CNTs exhibit excellent electrical conductivity and electromagnetic wave absorption properties, making them effective for microwave-induced wireless heating^[49-52]. When exposed to a microwave electromagnetic field, free electrons in CNTs oscillate rapidly, converting the absorbed energy into thermal energy through lattice collisions. To evaluate the impact of CNT content on the heating performance, we tested balloons coated with varying CNT volume fractions of 10%, 20%, and 30%. As shown in Figure 2A, higher CNT content leads to a more pronounced temperature increase, with the temperature rising by 15 °C within 30 s at a 15 cm heating distance and a 50 W power.

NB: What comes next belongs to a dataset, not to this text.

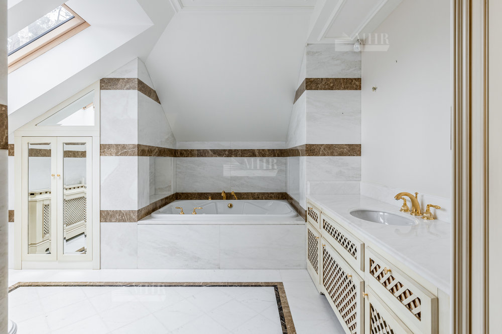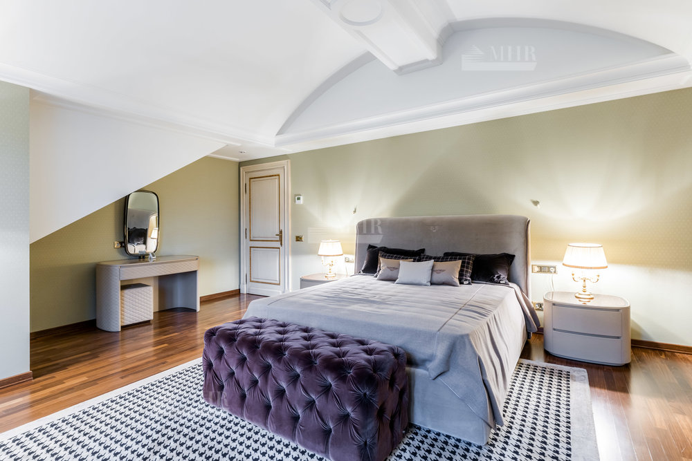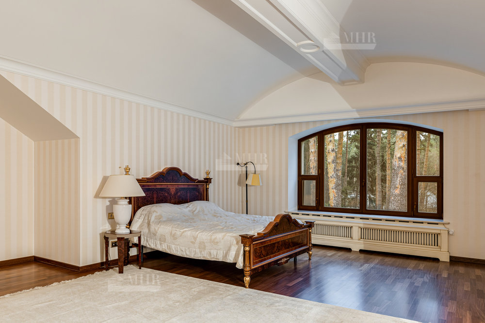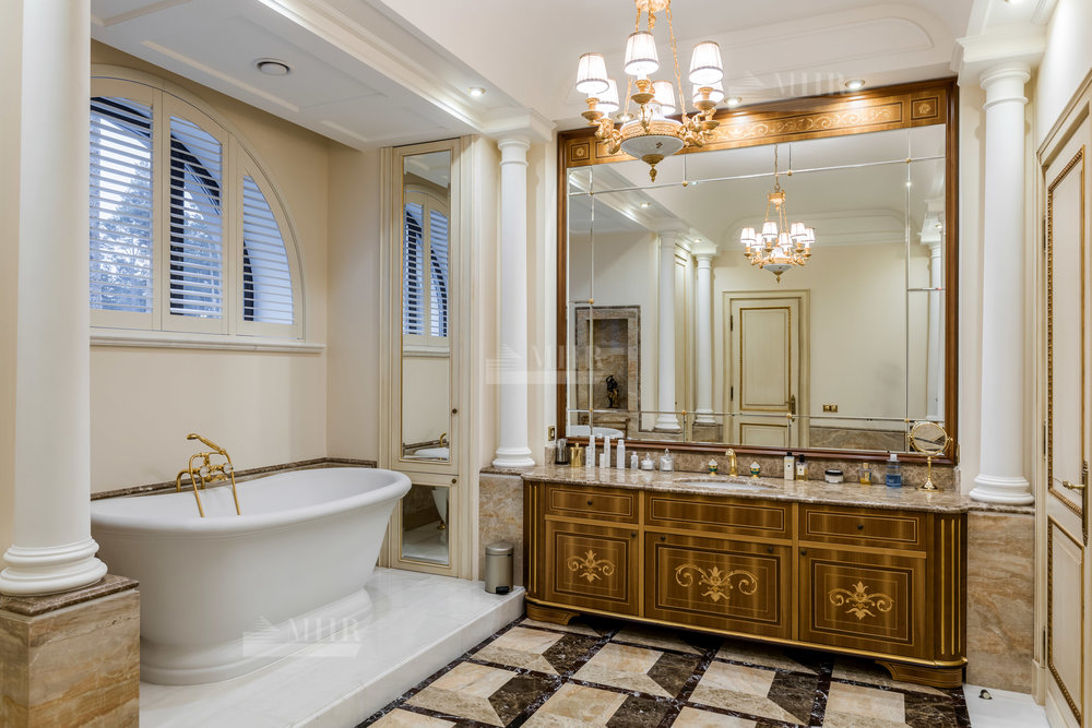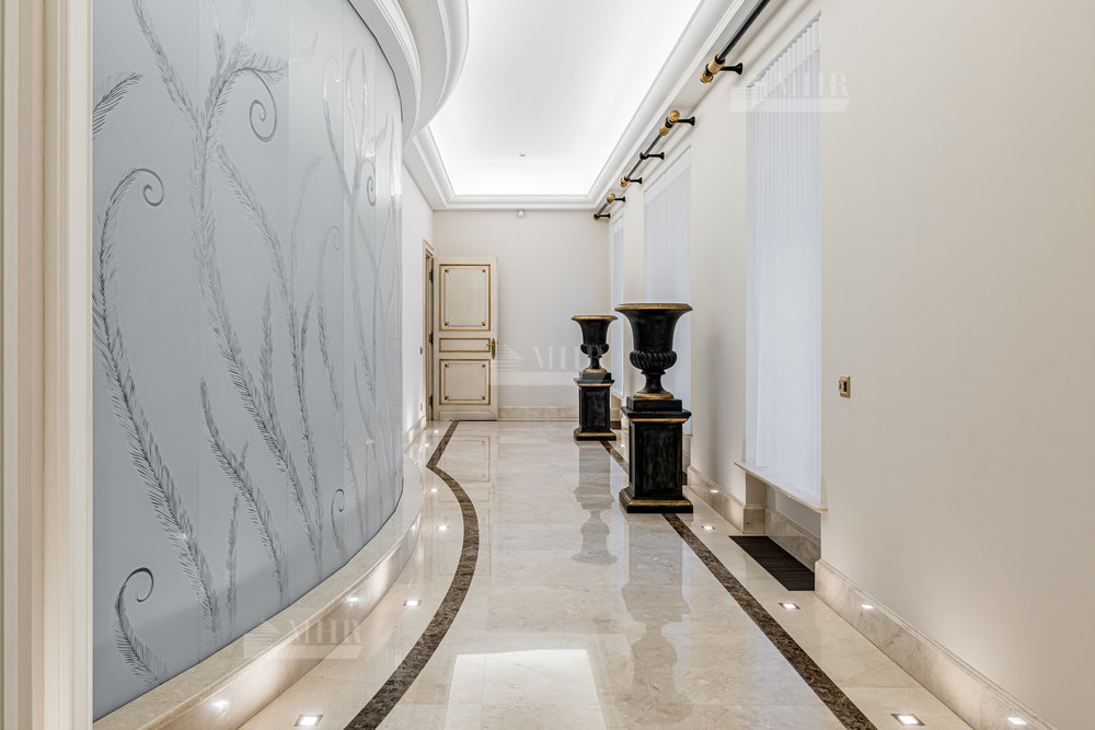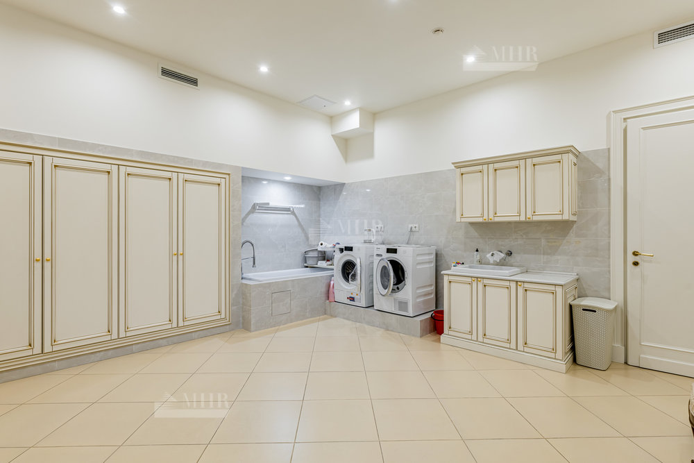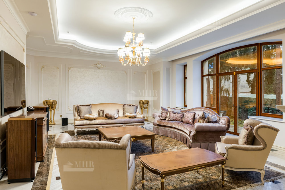 Резиденция с тщательно продуманной планировкой, зоной SPA, бассейном длиной 22–25 м, лифтом и просторными жилыми помещениями. Дом полностью готов к проживанию, оснащён современными инженерными системами и выполнен из высококачественных материалов. На участке также расположен дом охраны (380 м²) и гараж на 6 автомобилей.

To further enhance heating efficiency, we introduced a nitinol core into the balloon. As seen in Figure 2B, under the same conditions, the balloon with the nitinol core achieved a significantly higher temperature (P < 0.05, compared to the balloon without the core), and the one with 30% CNT content underwent a temperature increase of ∆T = 55.8 °C. We then investigated the effect of nitinol core length on heating performance. The optimal temperature enhancement occurred when the length of the nitinol core was close to approximately half of the free-space microwave wavelength [~6 cm; Figure 2C] under the present configuration. This enhancement is attributed to the electromagnetic resonance effect that maximizes the core’s ability to absorb and convert microwave energy into thermal energy, remarkably amplifying the heating efficiency [Figure 2D]. Electromagnetic thermal simulations conducted in COMSOL Multiphysics further validate this effect [Figure 2E]. Introduction of the nitinol core dramatically enhances the temperature within the balloon, demonstrating the critical role of resonance in optimizing wireless heating performance. We note that this ~6 cm value was identified as an empirical optimum in the current experimental setup, and the corresponding behavior under tissue-loaded conditions should be further examined in more physiologically relevant environments.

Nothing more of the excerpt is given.